Council OKs Anthony’s bid

Tue., Oct. 30, 2012, midnight

City approves $3.9 million sale to restaurant

Anthony’s has been sold to Anthony’s.

The Spokane City Council voted 4-3 Monday afternoon to award the city-owned restaurant property overlooking the Spokane Falls to Bellevue-based Mad Anthony’s Restaurants for $3.9 million. That’s the same company that leases the building for its Anthony’s seafood restaurant.

Selling the parcel hasn’t been controversial; the council earlier this year unanimously voted to accept bids. But some council members thought the second-highest offer deserved more consideration.

Budd Gould, founder and co-owner of Mad Anthony’s, said he was relieved that the sale is completed and that the restaurant’s 80 employees won’t have to look for new jobs.
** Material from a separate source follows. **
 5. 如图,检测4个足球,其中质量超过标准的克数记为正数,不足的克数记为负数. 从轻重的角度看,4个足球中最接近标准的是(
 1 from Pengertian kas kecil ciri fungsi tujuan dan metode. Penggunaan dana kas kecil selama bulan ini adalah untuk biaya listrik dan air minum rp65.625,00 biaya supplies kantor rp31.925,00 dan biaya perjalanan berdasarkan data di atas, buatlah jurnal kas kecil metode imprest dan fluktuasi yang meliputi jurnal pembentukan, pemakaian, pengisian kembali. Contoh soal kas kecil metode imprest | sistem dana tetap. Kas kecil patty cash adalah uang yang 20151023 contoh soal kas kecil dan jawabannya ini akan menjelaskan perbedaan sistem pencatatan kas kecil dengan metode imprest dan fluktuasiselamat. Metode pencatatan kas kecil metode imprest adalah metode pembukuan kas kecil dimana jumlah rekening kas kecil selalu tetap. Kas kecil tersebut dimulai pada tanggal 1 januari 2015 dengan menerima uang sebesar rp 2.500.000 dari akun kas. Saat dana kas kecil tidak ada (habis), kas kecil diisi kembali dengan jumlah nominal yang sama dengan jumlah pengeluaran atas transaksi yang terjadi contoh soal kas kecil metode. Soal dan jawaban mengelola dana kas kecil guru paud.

“We looked at it as preserving a successful business,” said Gould, who lives in Kirkland and attended Monday’s meeting.

Mad Anthony’s has leased the building at 520 N. Post Street from the city for $10,000 a month since 2004.
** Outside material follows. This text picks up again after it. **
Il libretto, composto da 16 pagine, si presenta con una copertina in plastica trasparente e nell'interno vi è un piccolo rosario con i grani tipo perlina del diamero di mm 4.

The restaurant chain owns 27 restaurants. Most are in Washington.

Spokane Mayor David Condon unveiled plans earlier this year to sell unneeded property. The Anthony’s site is most likely the highest-profile of the parcels to be sold.

Lawrence Stone submitted the second-highest bid – a $3.6 million offer as part of a plan to combine the restaurant building with the adjacent former YWCA property, which he bought in 2010, into a commercial and residential development.

Stone owns SCAFCO, a Spokane-based manufacturer of silos and steel studs that is poised to open operations at the former Playfair property in East Spokane.

Councilman Jon Snyder said the property represents one of the last major opportunities for a substantial development on the shores of Spokane Falls.

“I guess I couldn’t figure out why we couldn’t slow this down,” Snyder said.

Council President Ben Stuckart criticized the administration for not completing an in-depth analysis previous to recommending that the council choose Anthony’s.

Jan Quintrall, Spokane’s business and developer services director, said Mad Anthony’s was the preferred choice because the firm bid higher and had a complete plan. Stone’s bid, she said, didn’t have many specifics.

She said the administration will work to include the council in more of the bidding processes in future property sales.

Supporters of the decision said selling to Anthony’s doesn’t rule out a larger development project in the future.

“This decision doesn’t prevent Mr. Stone from working with Anthony’s,” said Councilman Mike Allen.

The city purchased the land in the 1990s with a federal grant to make room for a Spokane River bridge that was never built.

About $3 million of the sale will go to the city’s arterial street fund.